C’est là tout l’avantage de ce projet, sur lequel Marco Bonizzato a commencé à travailler alors qu’il était encore post-doctorant au sein du laboratoire de Numa Dancause, à l’Université de Montréal. Sa découverte a été publiée en avril 2023 dans la revue scientifique Cell Reports Medicine : ce travail fastidieux est ici réalisé non pas par un humain, mais par un algorithme « boosté » par une intelligence artificielle. Et en temps réel !
Cette réalisation a été possible chez le rat et le singe, deux modèles animaux qui permettent d’imaginer la suite chez l’être humain. Au cœur d’un laboratoire de l’Université de Montréal, au milieu d’ordinateurs, de machines clignotantes et d’une forêt de câbles, un rat marche justement sur un tapis roulant. Il traîne la patte en raison d’une blessure à la moelle épinière. Une caméra et de multiples capteurs suivent de près ses mouvements. Un algorithme reçoit ces informations et les traite, puis envoie des instructions à des électrodes. Ces dernières permettent de stimuler différentes régions du cerveau responsables de faire bouger la patte.

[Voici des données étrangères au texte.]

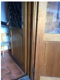
Tür 2 zum Gästehaus
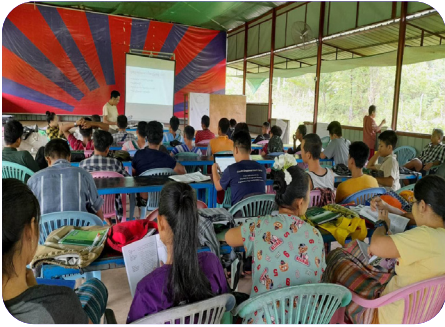
ချၢာ်လွၢ်ထူၣ်ကီၢ်ရၢၢ် ခိာ်န့ၢ်ဘၢ်မုာ်ဘၢ်ခါတဖၢ် တီခိာ်ရိာ်မဲဒီး ရဲာ်ကျဲမၤမၤ မဲ သးစးတၢ်မၤလဲၤ မဲ ကီၢ်ရဲာ်ဟံာ်ကပိၤယုၤ (၂၀၂၃ နံာ် လၢမုၢ် ၁၆ သီ တုၤ ၃၀ သီ)
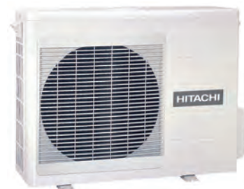
RAC-60 à 70WPA - Unité extérieure
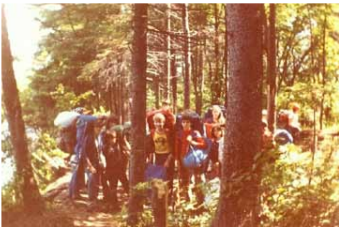
Un groupe du « Plein air » en camping
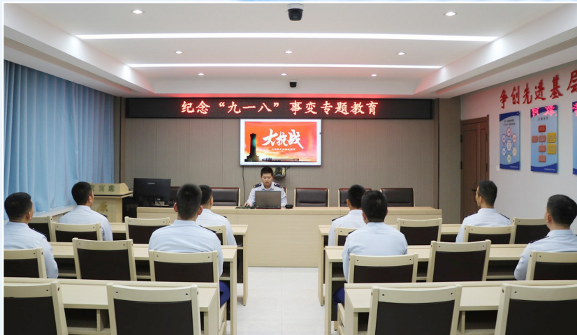
原州区消防救援大队救援人员开展纪念“九一八”事变专题教育。
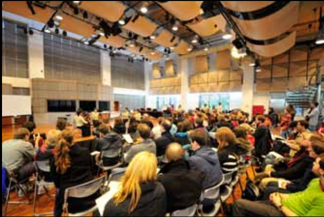
Kammermusiksaal der Taipei National University of the Arts 臺北藝術大學室內樂廳
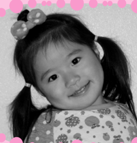
ふるやま のあちゃん ずっとぴかぴかなはでいようね!
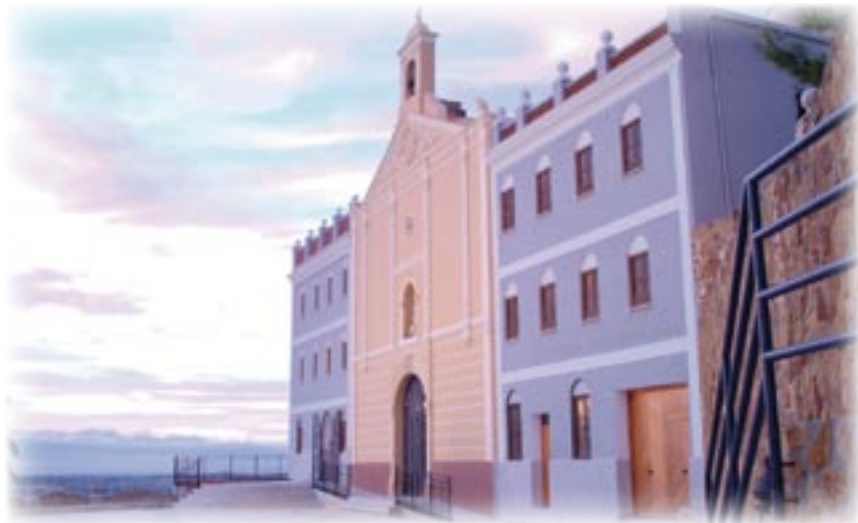
▲ Santuario de Montiel. Fachada principal.

Luis Amigó, normalmente, escoge sus fechas más significativas con verdadero mimo. Las elige con la precisión del más consumado de los orfebres. Las establece con la determinación con que da el golpe un tallista de diamantes. Para sus peregrinaciones por la vega valenciana, en la primavera o bien entrado el otoño. Sabe que son las dos estaciones más deliciosas en la huerta levantina. Para sus fundaciones, a comienzos de la primavera, cuando brotan las primeras siembras en los campos. ¿Acaso una fundación no es un brote en esperanza? ¿No es la apertura seminal al primer sol y a la vida?
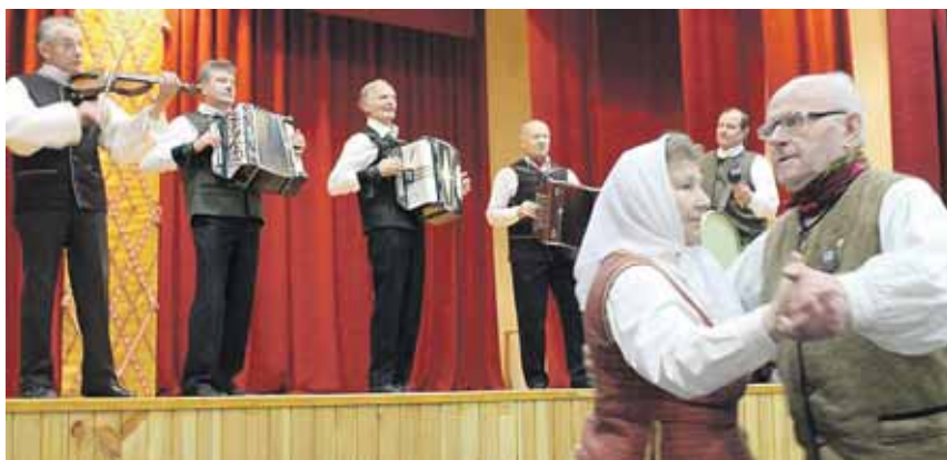
Griežia Leipalingio laisvalaikio salės liaudies muzikantai
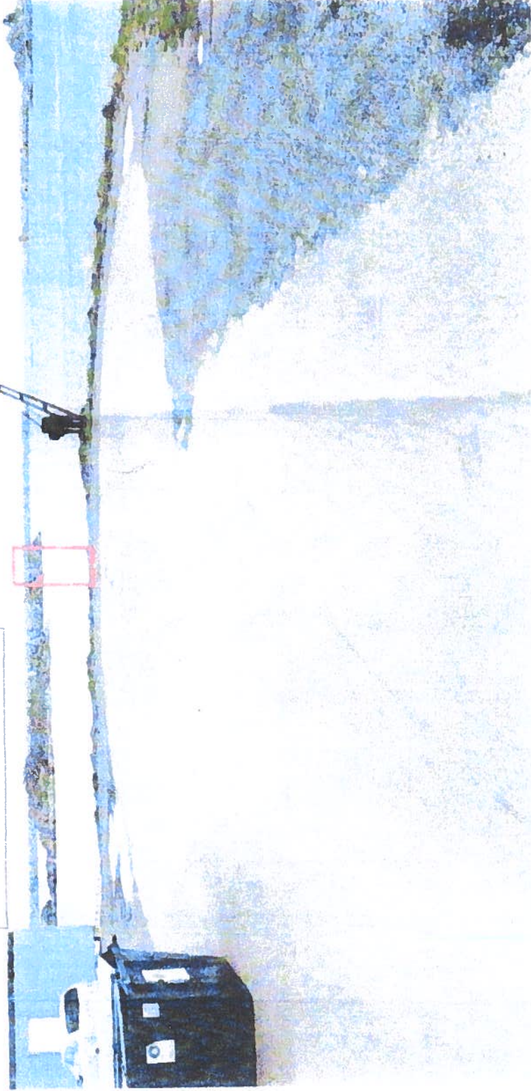
Fra Google – Street View Området sett ut mot vestre havn. Skulpturen tenkes satt så langt ut mot kanten av muren som mulig, men plasseres slik at det gir adgang til for å gå rundt skulpturen. Det er satt opp avgrensning for system

Pendant que le rat déambule, l’algorithme apprend petit à petit à contrôler chaque électrode pour provoquer le mouvement voulu, tel un marionnettiste qui testerait chaque fil d’un pantin. L’animal boitille soudainement ? Aucun problème : l’algorithme s’adapte et envoie différents signaux aux électrodes jusqu’à ce que le mouvement soit de nouveau correctement réalisé.
Le procédé peut sembler simple, mais les chercheurs et chercheuses ont mis près de six ans à le peaufiner. Marco Bonizzato se souvient de la première fois où le rat s’est mis à avancer sur son tapis, d’abord d’un pas claudicant, puis de plus en plus assuré. « Le plus excitant quand on déploie quelque chose, c’est quand on voit que ça marche en temps réel. Il y a un million de facteurs à gérer en parallèle, donc quand ça fonctionne, on vérifie six fois que tout est bien enregistré », lance-t-il en riant.
Quelques défis attendent cependant les scientifiques pour la suite, notamment pour l’adaptation de leur découverte à l’humain et au monde clinique. « Il faut donner envie aux médecins d’utiliser cet outil-là », souligne Rose Guay Hottin.
De plus, si l’implantation d’électrodes est une méthode courante chez les personnes atteintes de la maladie de Parkinson, elle est encore à l’étape de recherche chez celles qui sont paralysées. Et pour leur faire réaliser une variété de mouvements, comme marcher, courir, monter un escalier et s’asseoir, quelques années de recherche seront encore nécessaires. « On comprend maintenant comment faire de la bonne musique sur un tambour, illustre Marco Bonizzato. Mais on n’est pas encore capables de faire passer toute la richesse des messages, comme on pourrait le faire avec plusieurs instruments de musique. » Il faudra donc patienter encore un peu avant de voir cet algorithme jouer une symphonie et, peut-être, aider une personne paralysée à remarcher !

Ont aussi participé à cette découverte : Sandrine L. Côté, Elena Massai, Léo Choinière, Uzay Macar, Samuel Laferrière, Parikshat Sirpal, Stephan Quessy, Guillaume Lajoie, Marina Martinez et Numa Dancause (Université de Montréal et Mila – Institut québécois d’intelligence artificielle).
Erratum : Une version précédente du texte laissait penser que les travaux initiaux avaient été menés à Polytechnique Montréal. Ils ont bien été menés à l’Université de Montréal.